--- Supplied data ---
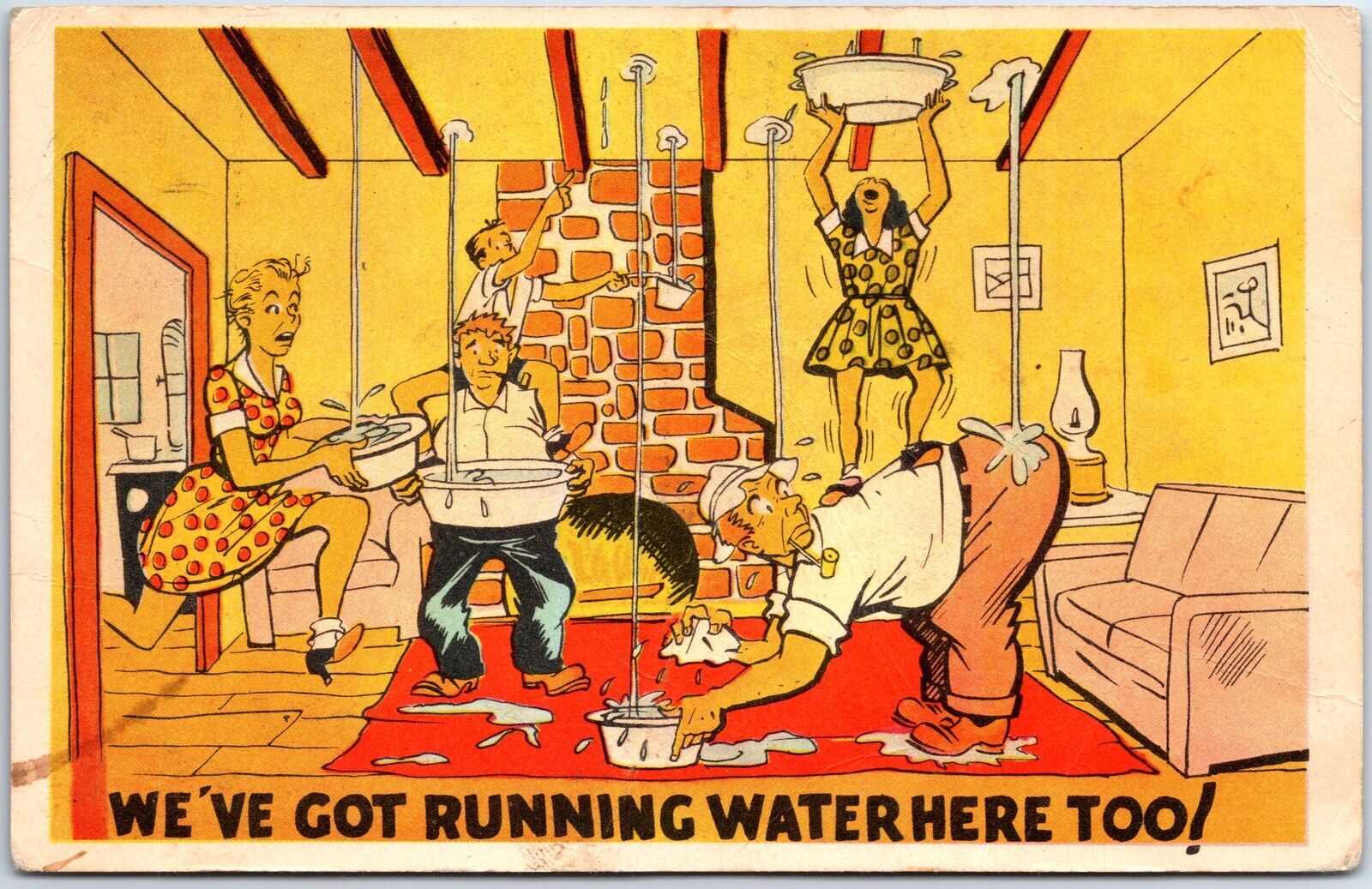 VINTAGE POSTCARD WATER LEAKING FROM MULTIPLE LOCATIONS COMICAL HUMOUR 1951
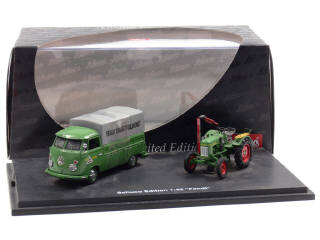 SCHUCO (ALLEMAGNE) 02594 VOLKSWAGEN T1 Bâché 'FENDT' avec tracteur agricole vert, rouge & gris
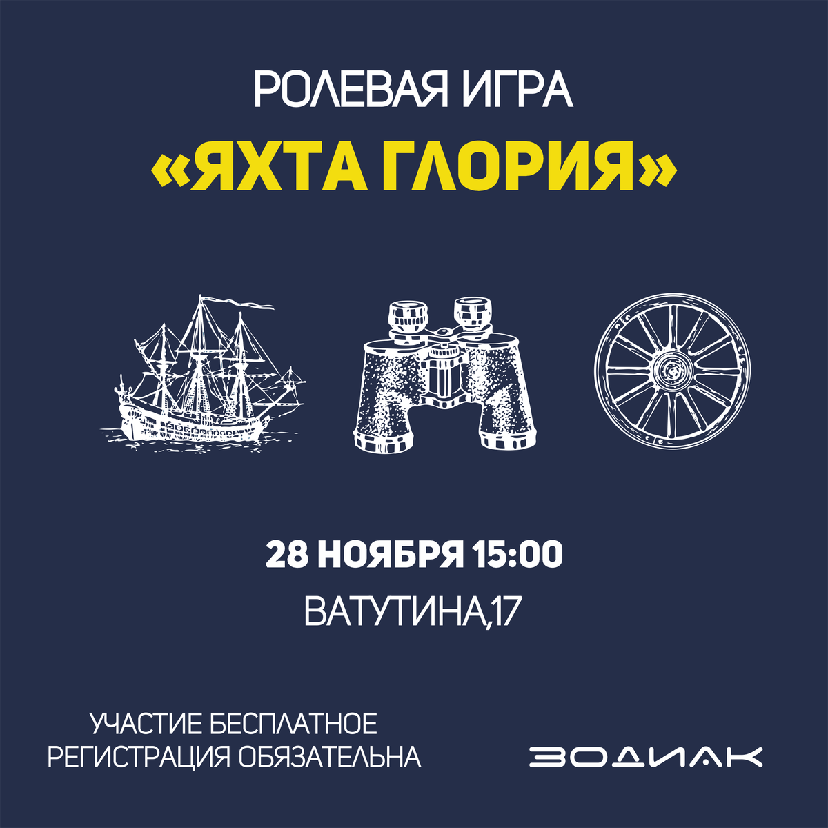 Хобби-центр «Зодиак» приглашает всех желающих открыть тайны яхты «Глория». В Европе только что закончилась Вторая Мировая Война. Германия подписала акт о безоговорочной капитуляции. Страны-победительницы готовятся к послевоенному разделу сфер влияния. Начинается подготовка к судебному процессу над нацистскими преступниками… Но суд начнется еще не скоро, а пока многие пытаются спастись, смешавшись с потоком беженцев, наводнивших Европу. Бежавшие фашисты, награбленные ими ценности, немецкие архивы становятся объектом пристального внимания разведок США, Великобритании, Советского Союза. А между тем, из южно-испанского порта Кадис в Атлантический океан вышла комфортабельная яхта с красивым названием «Глория»… Но куда она приплывет? И что станет с теми, кто на ее борту? Участником предстоит вжиться в полученную роль и выполнить задачи в рамах этой рои. Читать сценарий игры мы не советуем, поскольку это испортит удовольствие от самостоятельного выяснения того, что на самом деле происходит.
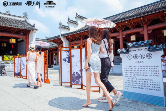最近,《王者荣耀》还以“稷下行,不惧浪”为主题,发起了“不要宅,出来浪!”的线下主题活动,与“徽州古城”进行合作,为大家打造一条独特的夏日风景线。8月24日,由王者荣耀与黄山市歙县人民政府联合发起的“徽州古城文创季——王者荣耀稷下行x徽文化”经过了两个多月的筹备,在徽州古城府衙广场盛大开幕。
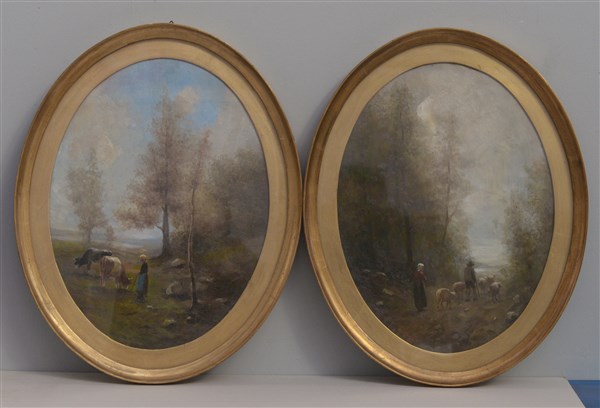Firma indecifrata, coppia di dipinti ovali raffiguranti "Scene agresti" olio su

--- Work request ---
What is needed is the exact run of lines from the start of the data through the line with "SCHUCO (ALLEMAGNE) 02594", both ends included, minus the pictures.

--- Response box ---
 VINTAGE POSTCARD WATER LEAKING FROM MULTIPLE LOCATIONS COMICAL HUMOUR 1951
 SCHUCO (ALLEMAGNE) 02594 VOLKSWAGEN T1 Bâché 'FENDT' avec tracteur agricole vert, rouge & gris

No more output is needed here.